## What the exercise asks
Transcribe the listing exactly; drop the images.

## Data section
---+---

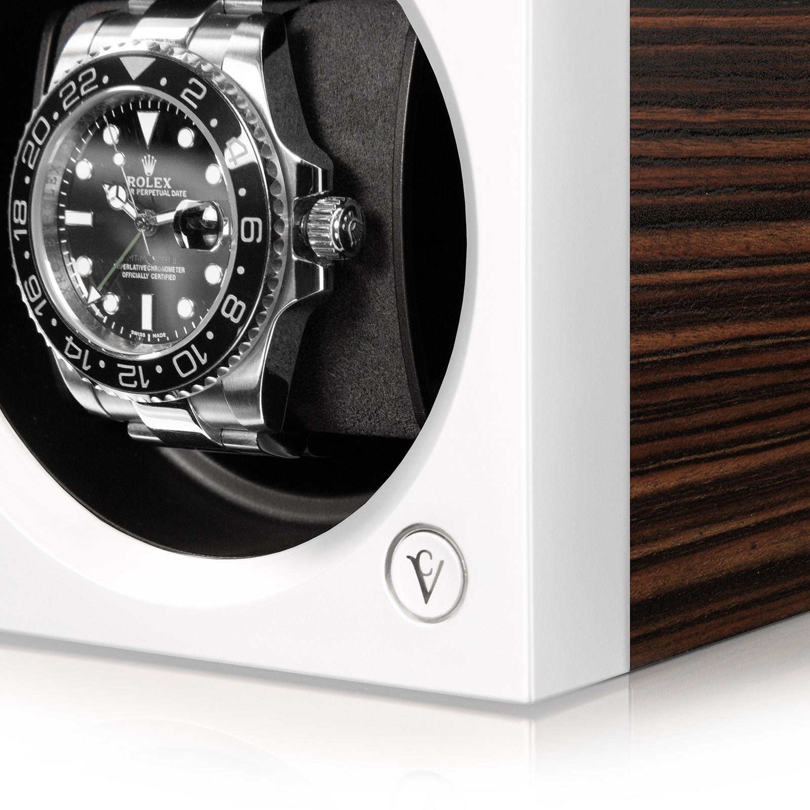 The grain of wood is as individual as a fingerprint. A pattern created by time itself. The transition between the warm brown tones and dark stripes of the Ebony veneer is particularly striking. The Argento version, whose deep black oak wood is interspersed with a fine silver grain, shows just how fascinating contrasts can be.
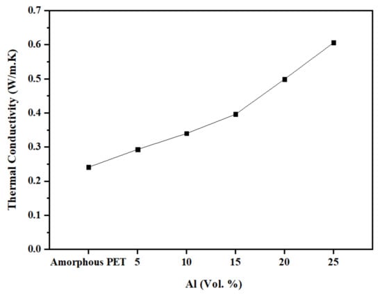 The thermal conductivity values for the amorphous PET and the Al–PET composites are shown in Figure 21. A gradual increase in the thermal conductivity of the composites is observed with increase in the loading of the aluminium particles. Whereas with the electrical conductivity, we were just below the volume fraction for percolation, we were well below the threshold concentration where the thermal conductivity shoots up. Typically, the percolation threshold for thermal conductivity is higher than for electrical conductivity, and is over 60 vol.%. In the 25 vol.% Al composite, the thermal conductivity was over 2x the base material (0.606 W/m.K). Industrial heat-conducting plastics on the market have conductivities in the range of 0.4–40 W/m.K; hence, we are at the bottom end of the commercial conductive plastics. Again, with hot powder compaction, we could reach the loading levels (60 vol.%) needed for reaching the percolation threshold for thermal conductivity, but this is not possible with injection-moulding.
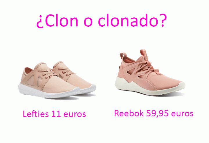 Esta semana no os puedo detallar las diferencias porque son varias. Lo que si os puedo contar es que el precio de una y otra no tienen nada que ver. Las zapatillas de Reebok cuestan 59,95 euros mientras que las de Lefties las encontramos ahora mismo en temporada por solo 11 euros. Sí que es cierto que las originales no son carísimas, pero la diferencia es importante entre una y otra ;).

---+---

## Answer to this exercise
 The grain of wood is as individual as a fingerprint. A pattern created by time itself. The transition between the warm brown tones and dark stripes of the Ebony veneer is particularly striking. The Argento version, whose deep black oak wood is interspersed with a fine silver grain, shows just how fascinating contrasts can be.
 The thermal conductivity values for the amorphous PET and the Al–PET composites are shown in Figure 21. A gradual increase in the thermal conductivity of the composites is observed with increase in the loading of the aluminium particles. Whereas with the electrical conductivity, we were just below the volume fraction for percolation, we were well below the threshold concentration where the thermal conductivity shoots up. Typically, the percolation threshold for thermal conductivity is higher than for electrical conductivity, and is over 60 vol.%. In the 25 vol.% Al composite, the thermal conductivity was over 2x the base material (0.606 W/m.K). Industrial heat-conducting plastics on the market have conductivities in the range of 0.4–40 W/m.K; hence, we are at the bottom end of the commercial conductive plastics. Again, with hot powder compaction, we could reach the loading levels (60 vol.%) needed for reaching the percolation threshold for thermal conductivity, but this is not possible with injection-moulding.
 Esta semana no os puedo detallar las diferencias porque son varias. Lo que si os puedo contar es que el precio de una y otra no tienen nada que ver. Las zapatillas de Reebok cuestan 59,95 euros mientras que las de Lefties las encontramos ahora mismo en temporada por solo 11 euros. Sí que es cierto que las originales no son carísimas, pero la diferencia es importante entre una y otra ;).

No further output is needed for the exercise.